Updating D81172: [AMDGPU] Implement hardware bug workaround for image instructions

arsenm added inline comments.Aug 28 2020, 11:27 AM
llvm/lib/Target/AMDGPU/AMDGPULegalizerInfo.cpp
3410 ↗(On Diff #284443)

If you just resize to 8 below, why not use an array?

3411–3415 ↗(On Diff #284443)

It would be preferable to emit a concat_vectors of <2 x s16> pieces here

3414 ↗(On Diff #284443)

Resize here is weird. You can push back, or constructed PackedRegs to the desired size?

3420 ↗(On Diff #284443)

Same as above

llvm/lib/Target/AMDGPU/SIISelLowering.cpp
6701

++I

rdomingu added inline comments.Sep 10 2020, 6:55 AM
llvm/lib/Target/AMDGPU/AMDGPULegalizerInfo.cpp
3411–3415 ↗(On Diff #284443)

Sorry, I'm new to this. Why would concat_vectors be preferable than build_vector? Could you please elaborate?

arsenm added inline comments.Sep 16 2020, 7:58 AM
llvm/lib/Target/AMDGPU/AMDGPULegalizerInfo.cpp
3411–3415 ↗(On Diff #284443)

Because a G_BUILD_VECTOR with 16-bit sources isn't naturally legal. This works, it just adds more work for the legalizer to reprocess these when you could produce something that's legal to begin with to save compile time

rdomingu added inline comments.Sep 16 2020, 8:07 AM
llvm/lib/Target/AMDGPU/AMDGPULegalizerInfo.cpp
3411–3415 ↗(On Diff #284443)

I see. But how would you go from v3f16 to concat_vectors of <2 x 16> to v4f32 (which is what we want at the end)?

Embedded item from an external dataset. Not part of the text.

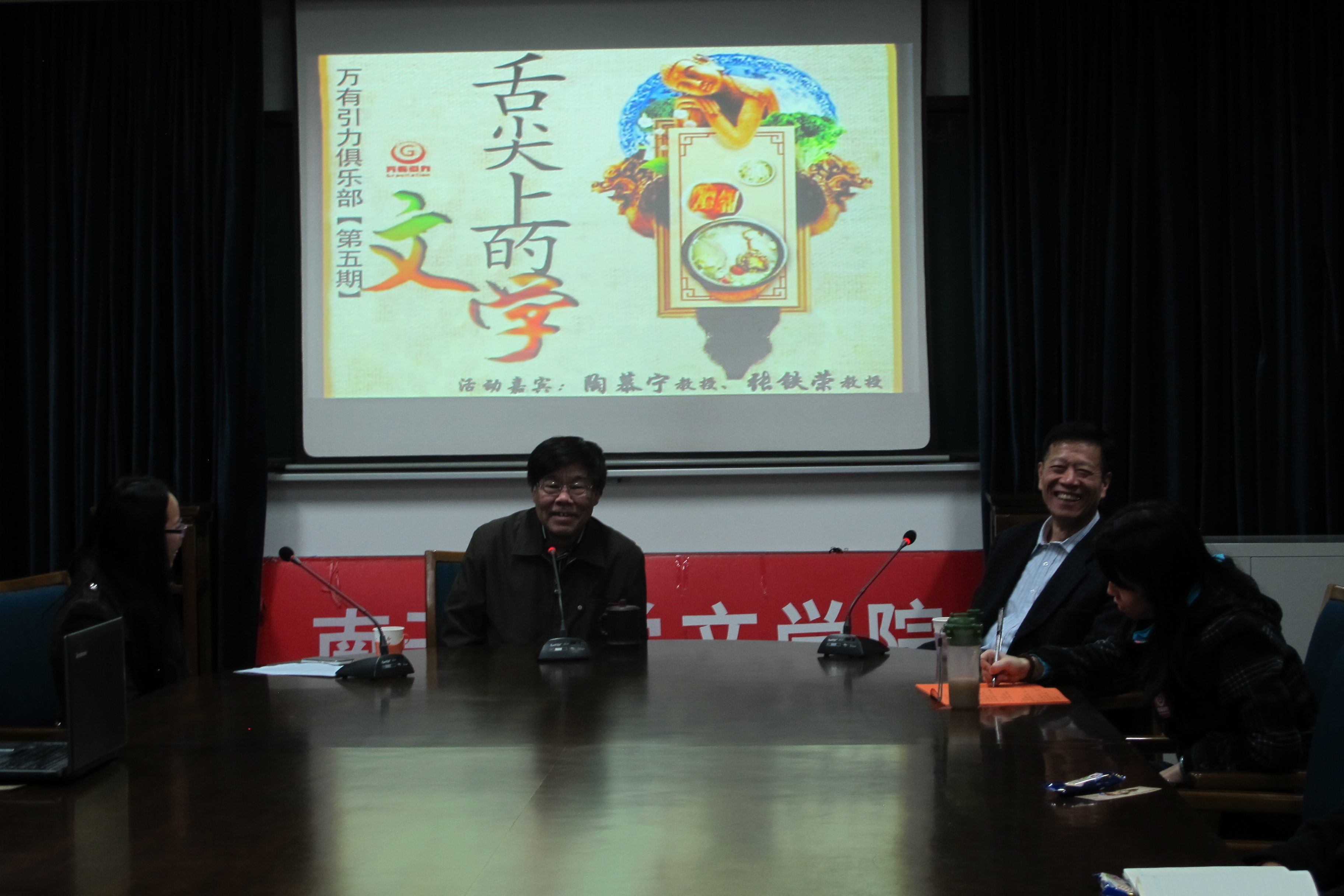 (通讯员 魏婧宇 张英贤) 11月7日,我院陶慕宁教授、张铁荣教授做客第五期“万有引力俱乐部”活动,与同学们讨论“舌尖上的文学”,带领同学们“品尝”丰盛的文学盛宴。

arsenm added inline comments.Sep 16 2020, 8:16 AM
llvm/lib/Target/AMDGPU/AMDGPULegalizerInfo.cpp
3411–3415 ↗(On Diff #284443)

I think I'm missing something. Why is this going from <3 x s16> to <4 x s32>? Isn't this the unpacked layout case? Why isn't this just an G_ANYEXT from <3 x s16> to <3 x s32>?

3414 ↗(On Diff #284443)

You can do this in the initial construction, also the small size should just be 8? Or use std::array?

rdomingu added inline comments.Sep 29 2020, 7:09 PM
llvm/lib/Target/AMDGPU/AMDGPULegalizerInfo.cpp
3411–3415 ↗(On Diff #284443)

This is the image workaround for the packed layout case. We don't want to change the data layout which is why we shouldn't use G_ANYEXT. We just want to make the compiler think the data is twice as big.

arsenm accepted this revision.Sep 30 2020, 7:43 AM
This revision is now accepted and ready to land.Sep 30 2020, 7:43 AM
This revision was landed with ongoing or failed builds.Oct 7 2020, 5:04 AM
This revision was automatically updated to reflect the committed changes.